I know nothing whatsoever about Brazil, and so I'd like to know anything you can share, including any cultural stuff I should be aware of, tips on food to eat and things to do, ideas for how to get around and where to go, and any information on how much Portuguese I need to try to figure out (would also appreciate some ideas for ways I can familiarize myself with the language before I go).

I've seen a few previous questions, but they're all pretty old, so I thought updated info would be a good idea.

Thank you so much in advance!
posted by hansbrough to Travel & Transportation around Brazil (4 answers total)
 
Whoopsies, forgot to add that I would also be interested in any recommendations for books or guides to read/bring along. Thanks, guys!
posted by hansbrough at 5:02 PM on February 16, 2011


I know nothing whatsoever about Brazil, and so I'd like to know anything you can share.

Brazil is very big, varied, with a rich culture and a complex history. How about you start by reading some Wikipedia articles and then you could come back with more specific questions?
posted by TheGoodBlood at 4:13 AM on February 17, 2011


The state you're headed to is known for its amazing beaches. In the northern half of the country, distances between major cities are pretty great, so plan on flying to RJ (or spending a couple days on a bus). There are some pretty good discount domestic airlines, like Azul and Avianca.

For language, we know lots of people who have used the Pimsleur cds and Rosetta Stone software. With both, you only get as much out as you put in, both in training beforehand and in actually diving in once you're in Brazil and talking to people.

If you have specific questions feel free to memail me. I'm in the northeast so I know a little about the region.

Oh, and I remember in Fortaleza there was this one street that was full of shoe shops. Amazing.

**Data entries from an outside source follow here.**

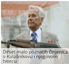
Deset malo poznatih činjenica o Kalašnikovu i njegovom tvorcu
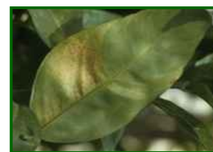
T. urticae Síntomas en hoja

Tetranychus urticae es un ácaro polífago de pequeño tamaño (<0,5 mm), cuya coloración varía del verde-amarillento al rojo intenso en fase de diapausa. Inverna en grietas o bajo hojarasca y,
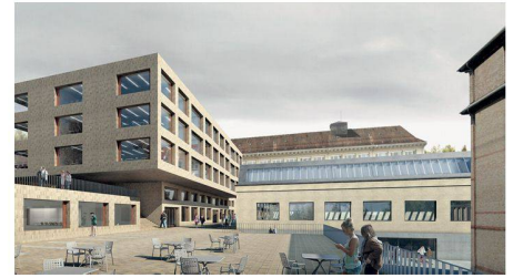
05 «Tegula»: gerade Schneise (giuliani.hönger)
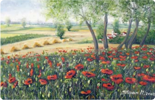
Cvjetne livade Marije Stipan privlače pozornost

Izložba u spomenutoj galeriji bit će otvorena narednih mjesec dana. N. Z. L.
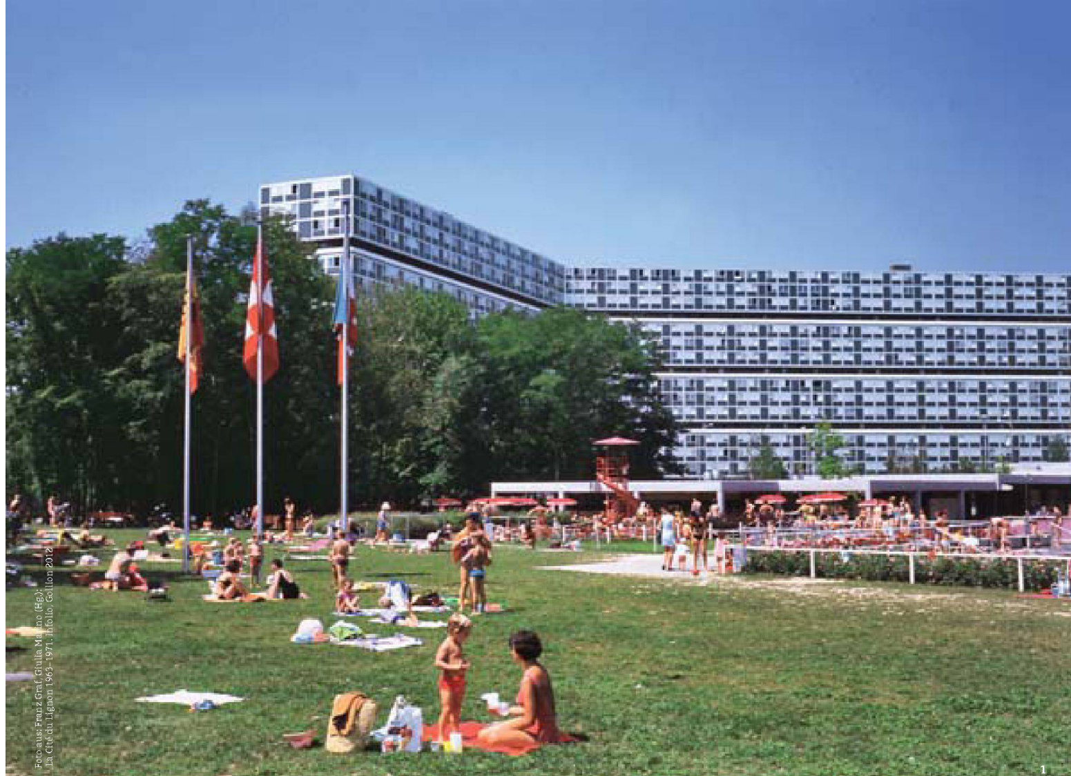
Fotograf: Franz Graf, Giulia Marino (Rg.), La Cité du Lignon 1963–1971, Infolio, Gollion 2012

1 Siedlung Le Lignon in Vernier bei Genf in den 1970er-Jahren | La Cité du Lignon à Vernier près de Genève dans les années 1970 | Insediamento di «Le Lignon», a Vernier nei pressi di Ginevra, anni Settanta
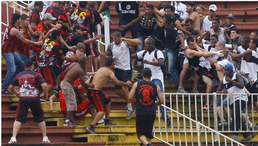
Figura 01. Briga entre torcedores de Atlético Paranaense e Vasco da Gama — Como compreender e combater de maneira efetiva a violência no futebol?

As torcidas organizadas brasileiras são diferentes em muitos aspectos dos hooligans , fazendo com que essa titularidade dada a eles pelos meios de comunicação sejam inapropriadas. Sendo assim, os hooligans, os torcedores organizados são, em sua maioria, homens jovens oriundos das classes “populares” (LOPES; CORDEIRO, 2010).
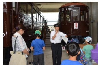
<まなび基地見学会の様子>

「はんしんまつり」では、このうち、旧型車両（601形・1141形）の見学と踏切施設での保線作業体験を実施します。
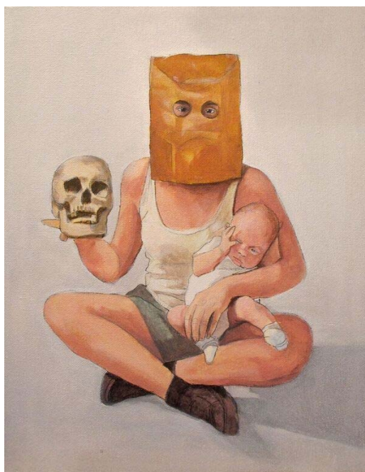
Figura 2. Cristina Llanos. El pacto secreto. 2015.
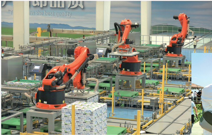
▲ 伊利自动化生产线。

亲河大型全媒体传播活动媒体团一路沿黄河而行,先后深入呼和浩特市、鄂尔多斯市、包头市、巴彦淖尔市、乌海市,实地走访黄河流域生态治理的绿色蜕变,感知高质量发展的强劲脉搏,解码黄河文化的深厚基因,沉浸式体验黄河流域的生态之美、发展之进与文化之魂。
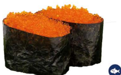
40. TOBIKO 6,00€/ 2uds.
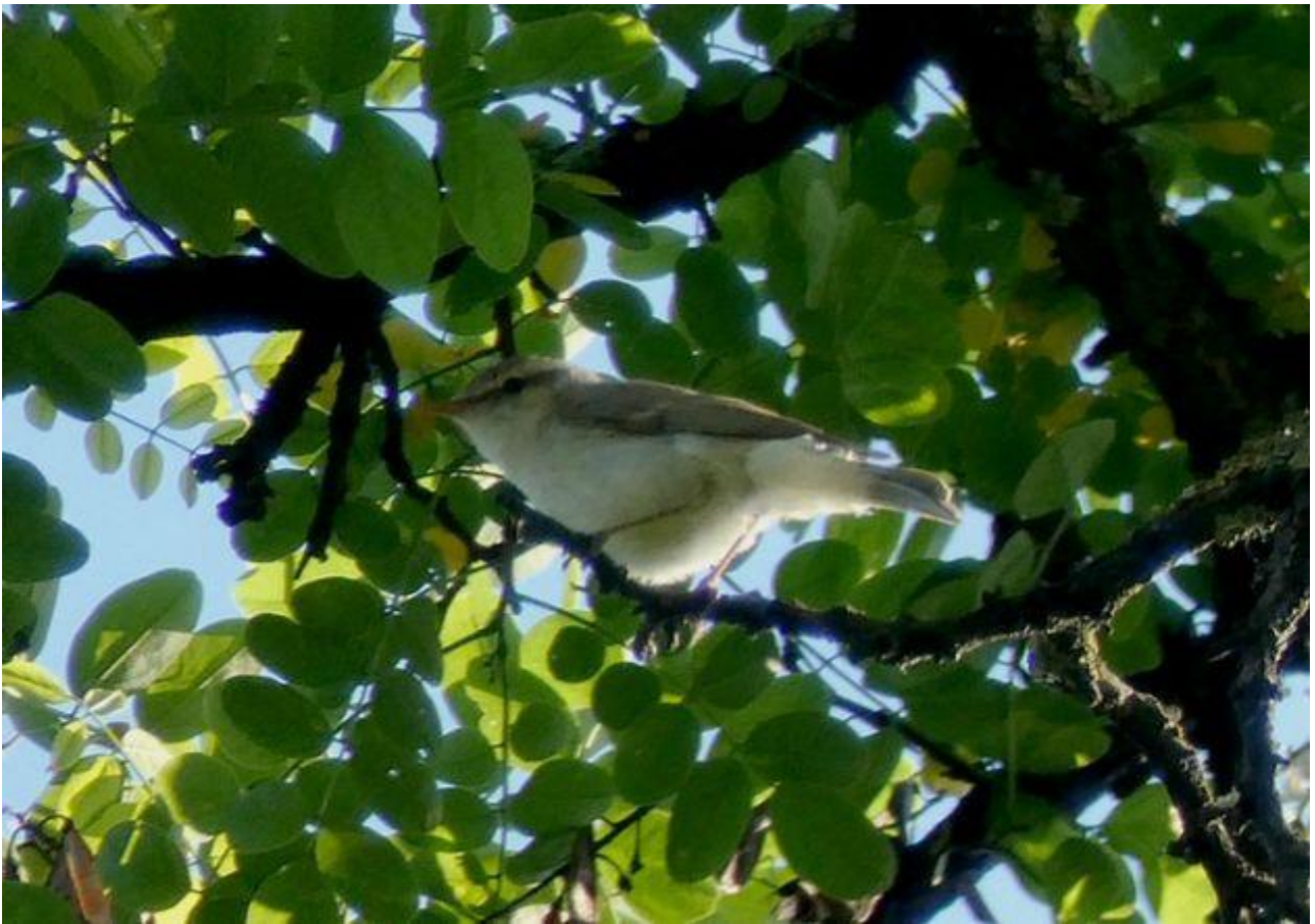
Wójcik – 05.06/Białystok
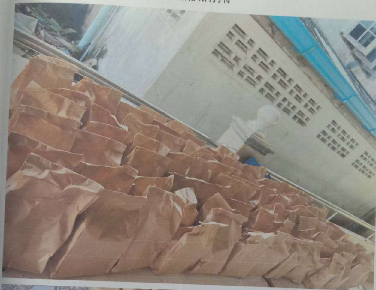
ภาพอาหารว่าง
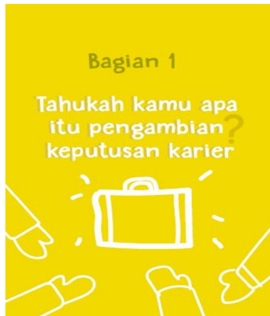
Gambar 4.2 Cover Bagian 1 Buku Bantuan Diri
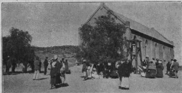
Po službi božji na neki misijonski postaji.

Uboga paganska sužnja začne preišljevat svoje žalostno stališče; o kako zavida svojo krščansko tovarišico za njeno srečo, njene ljubeznive, krščanske otročiče. Kako hrepeni tudi ona postati kristjana, dobra družinska mati! Ta želja je upravičena in odkritosrčna in se vedno silneje oglašča v njenem srcu. Toda, če postane kristjana, mora zapustiti svojega paganskega moža, ki se navadno noče spreobrniti z njo vred; pripravljena mora biti nadalje na
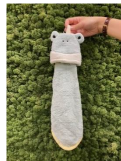
アニマルタオルマスコット カエル 550円
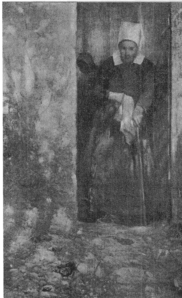
ERNST JOSEPHSON: Höstsol.
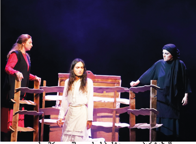
ს. მრეველიშვილის სპექტაკლი „პარტახი“
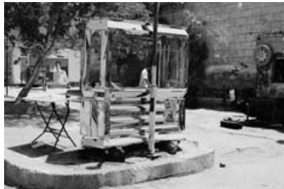
→ City of the Dead, Kairo

Well, not so much for me because I have gargantuan feet but my friends sure loved it!
posted by wallaby at 7:38 AM on February 17, 2011


I went to Manaus and various other parts of Brazil without knowing Portuguese, hoping my limited Spanish would be a start. It wasn't, at all. In the past I'd found picking up languages easy, but for some reason the sounds of Portuguese were beyond me. Before you go I strongly recommend learning some basic Portuguese in a class or some other live setting where you get to talk.